For textual information to be valid, its elements must have a valid frame structure for their annotations. For instance, if texts are supposed to be annotated by a genre attribute while the words in an analyzed text are supposed to be annotated by a grammatical category attribute, then a text annotated for grammatical category or a word annotated for genre would not be valid. The IT system described above has a simple form of validation like this. The user specifies an interlinear text model which declares to the system what the frame structure of the units of the analyzed text is to be. The interlinear text processor then enforces that model by ensuring that the output always conforms to the user-declared structure. It is impossible to produce an output which is structurally invalid.
For textual information to be valid, the associative links in it must be valid. For instance, if the "part of speech" attribute of a subentry in the lexicon is supposed to be a link to a "part of speech" entry in the grammar, then a lexical subentry in which the part of speech attribute was linked to a text example would not be valid. The interlinear text model used in the IT system also involves a simple form of link validation. In the model, the values of a particular annotation are declared to be taken from one of the mapping relationships or range sets stored in the lexical database. Only values in that mapping or range set are allowed to occur in the final analyzed text.
This notion of validation is related to the traditional notion of a schema in database theory (Date 1981:390, 407ff.). The database schema names all of the record types in the database, the fields which each contains, the type constraints on the values of each field, integrity tests for values of certain fields, the dependency relationships between different parts of the database, and so on. The database management system is always at work to ensure that all proposed transactions on the database result in a valid database.
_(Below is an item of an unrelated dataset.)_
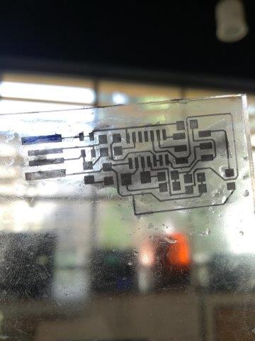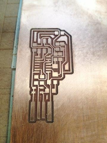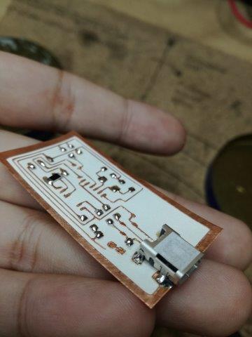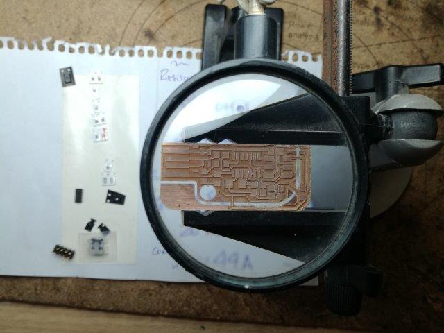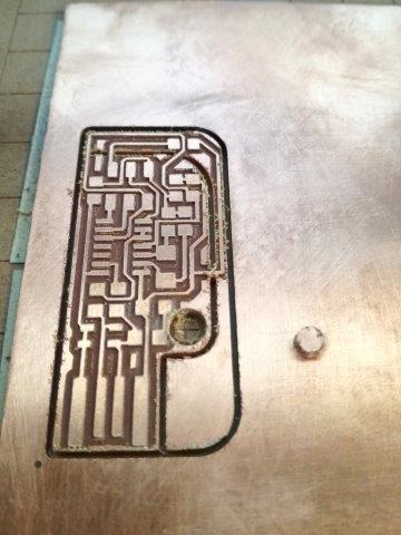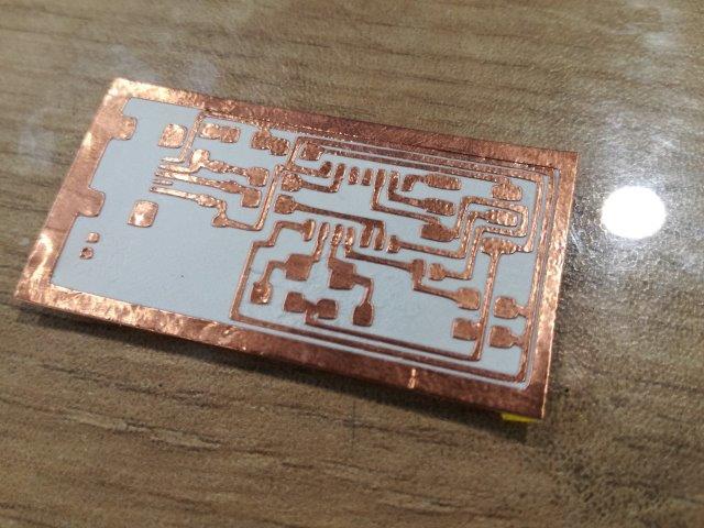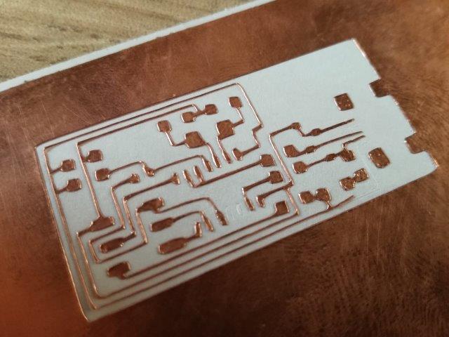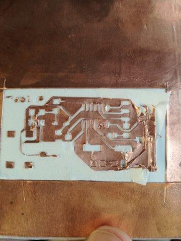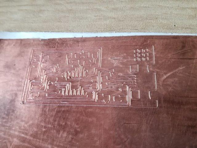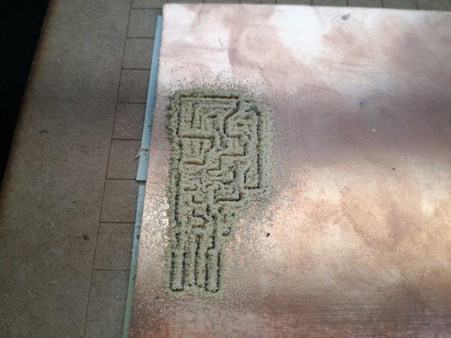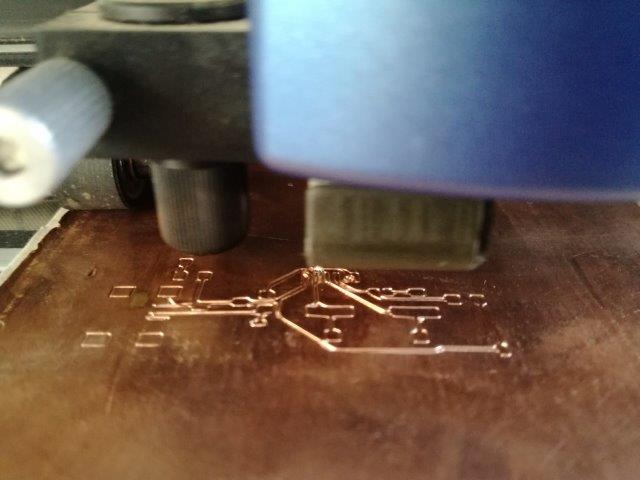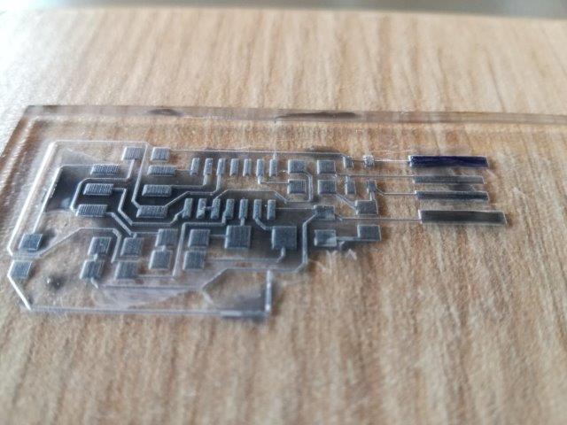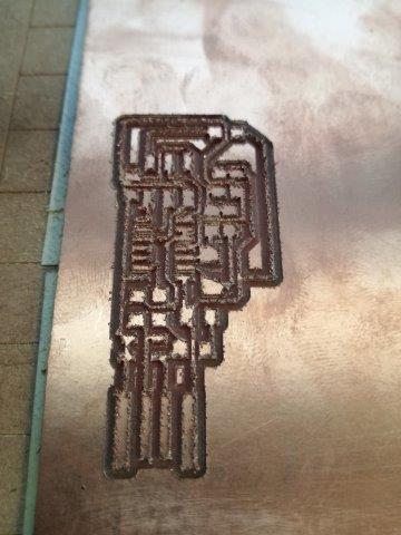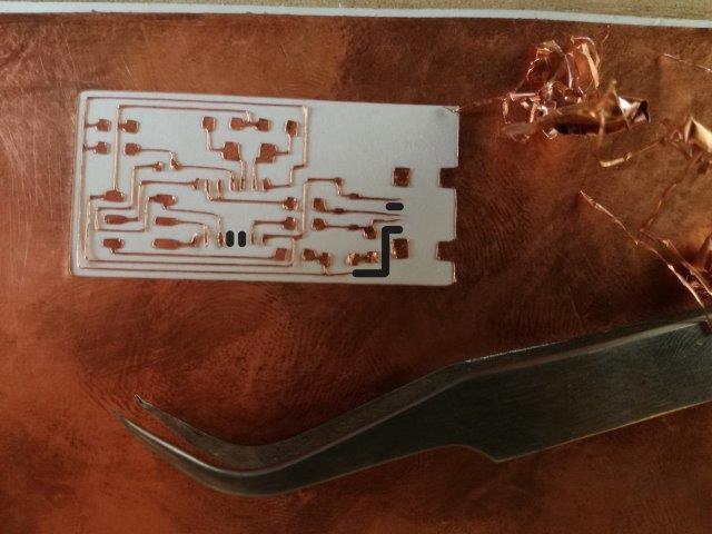 The cut was good but the weeding took some parts of the traces… Anyway, maybe the traces were too thin for the substrate I was using since the pulling of the residue has a lot more area, some of the traces are easily lifted or moved with it.

This is what we propose to build for CELLAR. In our case there will be a schematic definition for each text element type. That definition will declare the names of the attributes (that is, the frame slots) for that type, and a validation constraint for values of each attribute. A validation constraint is a predicate which must always be true of a value assigned to that attribute. Where the value is supposed to be a sequence of constituent content elements, the validation constraint would specify a regular expression pattern over the subordinate content element types. Where the value is supposed to be an associative link, the validation constraint would specify the type of the referred-to element and possibly a further constraint on its attribute values.
The key notion behind self-validation is that once the schema for a content element is defined, the system should be able to automatically validate every attempt to create or alter an instance of that element type. The problem gets particularly complex when the schema itself is allowed to change, for a single change could invalidate all existing instances of a certain element type. Fortunately, computer scientists are studying this problem and solutions exist (Lafue and Smith 1986, Morgenstern 1986, Shepherd and Kerschberg 1986, Zdonik 1986, Marek 1987).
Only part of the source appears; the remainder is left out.